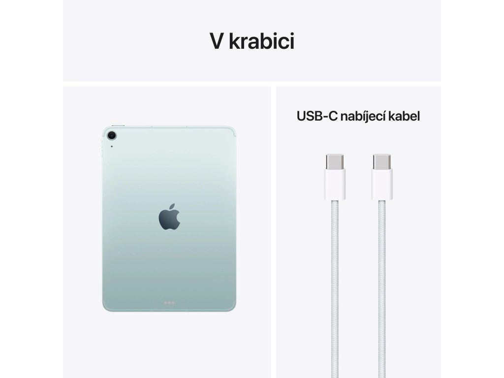 Apple iPad Air 11'' (M4) Wi-Fi + Cellular 128GB *Apple Intelligence Operační systém: iPadOS 26 Procesor: Apple M4, 8 jádrové CPU (3P+5E), 9 jádrové GPU, 16 jádrový Neural Engine Paměť: 12GB Pevný disk: 128GB Čtečka paměťových karet: ne Displej: 10,86'' Liquid Retina Multi-Touch displej s LED podsvícením a technologií IPS, 2360x1640 při 264ppi, 500 nitů, antireflexní, oleofobní úprava proti šmouhám, True Tone Audio: stereo reproduktory v orientaci na šířku, FaceTime audio, 2x mikrofon Zadní fotoaparát: *12MP širokoúhlý, f/1,8, pětičlenný objektiv, až 5× digitální zoom, Smart HDR 4, sekvenční režim, HEIF a JPEG *4K video při 24 fps, 25 fps, 30 fps nebo 60 fps, kontinuální autofokus při nahrávání videa, HEVC a H.264, časosběrné video se stabilizací Přední webkamera: *12MP Center Stage na šířku, f/2,0, Smart HDR 4 *1080p HD video při 25 fps, 30 fps nebo 60 fps, Retina Flash s True Tone, sekvenční režim, FaceTime Senzory: *Touch ID *tříosý gyroskop *akcelerometr *barometr *snímač okolního osvětlení Určování polohy: *digitální kompas *Wi-Fi *mikrolokalizace iBeacon *GPS/GNSS *mobilní data Bezdrátová komunikace: Wi-Fi 7 (802.11be) s technologií 2×2 MIMO + Bluetooth 6 + 5G (pásma sub-6 GHz) s technologií MIMO 4×4, gigabitové LTE s technologií MIMO 4×4, mobilní modem Apple C1X Porty: *1x USB-C (až 10 Gb/s), nabíjení, DisplayPort *1x magnetický konektor *1x smart konektor Baterie: vestavěná lithium-polymerová baterie s kapacitou 28,93Wh Výdrž baterie: až 10 hodin/až 9 hodin v mobilní datové síti Barva: modrá Rozměry: 247,6x178,5x6,1mm Hmotnost: 465g V krabici: *iPad Air *USB-C nabíjecí kabel (1m)Dodatočné parametre
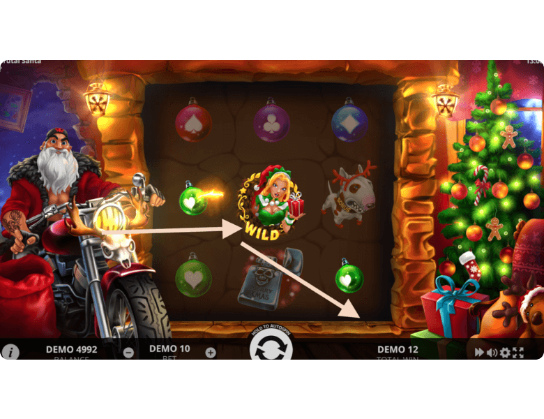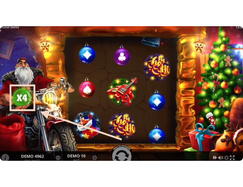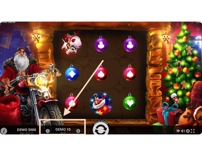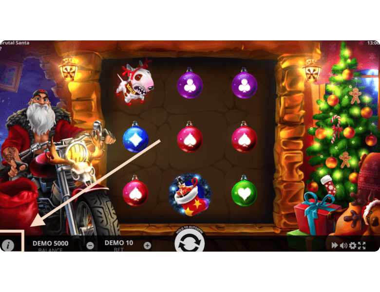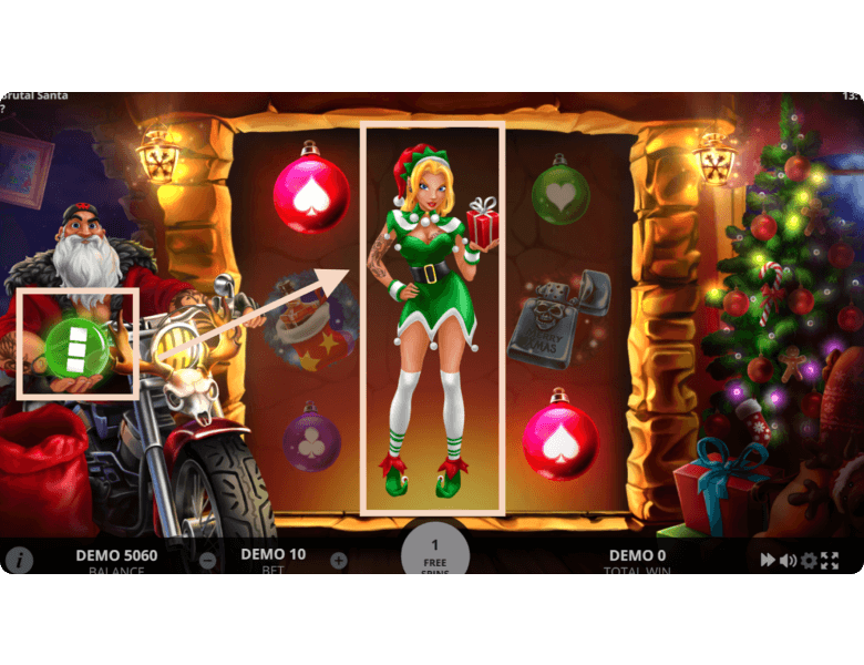 Players can launch Brutal Santa on our site or at any real money online casino. We offer a demo mode with no registration and no download, making it a great way to test all the features for fun without any real risk. The gameplay mechanics are quite simple, and we’ll walk you through them below.
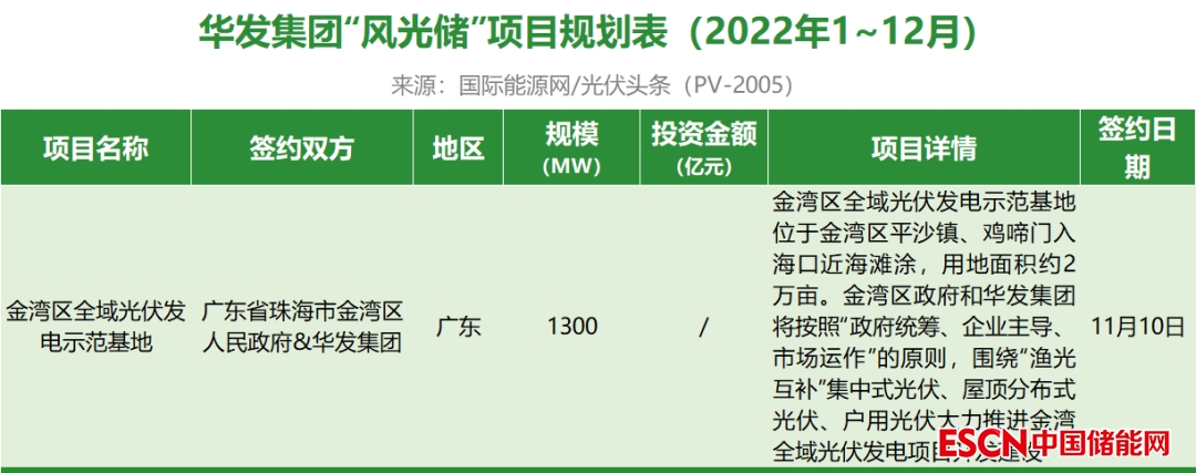 截至2022年12月31日,華發(fā)集團共簽約(規(guī)劃)1個風光儲項目,明確規(guī)模共計1.3GW。

*Exercise details:* Print the data above in full and exactly as it appears, skipping the pictures.

*Answer:*
 Apple iPad Air 11'' (M4) Wi-Fi + Cellular 128GB *Apple Intelligence Operační systém: iPadOS 26 Procesor: Apple M4, 8 jádrové CPU (3P+5E), 9 jádrové GPU, 16 jádrový Neural Engine Paměť: 12GB Pevný disk: 128GB Čtečka paměťových karet: ne Displej: 10,86'' Liquid Retina Multi-Touch displej s LED podsvícením a technologií IPS, 2360x1640 při 264ppi, 500 nitů, antireflexní, oleofobní úprava proti šmouhám, True Tone Audio: stereo reproduktory v orientaci na šířku, FaceTime audio, 2x mikrofon Zadní fotoaparát: *12MP širokoúhlý, f/1,8, pětičlenný objektiv, až 5× digitální zoom, Smart HDR 4, sekvenční režim, HEIF a JPEG *4K video při 24 fps, 25 fps, 30 fps nebo 60 fps, kontinuální autofokus při nahrávání videa, HEVC a H.264, časosběrné video se stabilizací Přední webkamera: *12MP Center Stage na šířku, f/2,0, Smart HDR 4 *1080p HD video při 25 fps, 30 fps nebo 60 fps, Retina Flash s True Tone, sekvenční režim, FaceTime Senzory: *Touch ID *tříosý gyroskop *akcelerometr *barometr *snímač okolního osvětlení Určování polohy: *digitální kompas *Wi-Fi *mikrolokalizace iBeacon *GPS/GNSS *mobilní data Bezdrátová komunikace: Wi-Fi 7 (802.11be) s technologií 2×2 MIMO + Bluetooth 6 + 5G (pásma sub-6 GHz) s technologií MIMO 4×4, gigabitové LTE s technologií MIMO 4×4, mobilní modem Apple C1X Porty: *1x USB-C (až 10 Gb/s), nabíjení, DisplayPort *1x magnetický konektor *1x smart konektor Baterie: vestavěná lithium-polymerová baterie s kapacitou 28,93Wh Výdrž baterie: až 10 hodin/až 9 hodin v mobilní datové síti Barva: modrá Rozměry: 247,6x178,5x6,1mm Hmotnost: 465g V krabici: *iPad Air *USB-C nabíjecí kabel (1m)Dodatočné parametre
 Players can launch Brutal Santa on our site or at any real money online casino. We offer a demo mode with no registration and no download, making it a great way to test all the features for fun without any real risk. The gameplay mechanics are quite simple, and we’ll walk you through them below.
 截至2022年12月31日,華發(fā)集團共簽約(規(guī)劃)1個風光儲項目,明確規(guī)模共計1.3GW。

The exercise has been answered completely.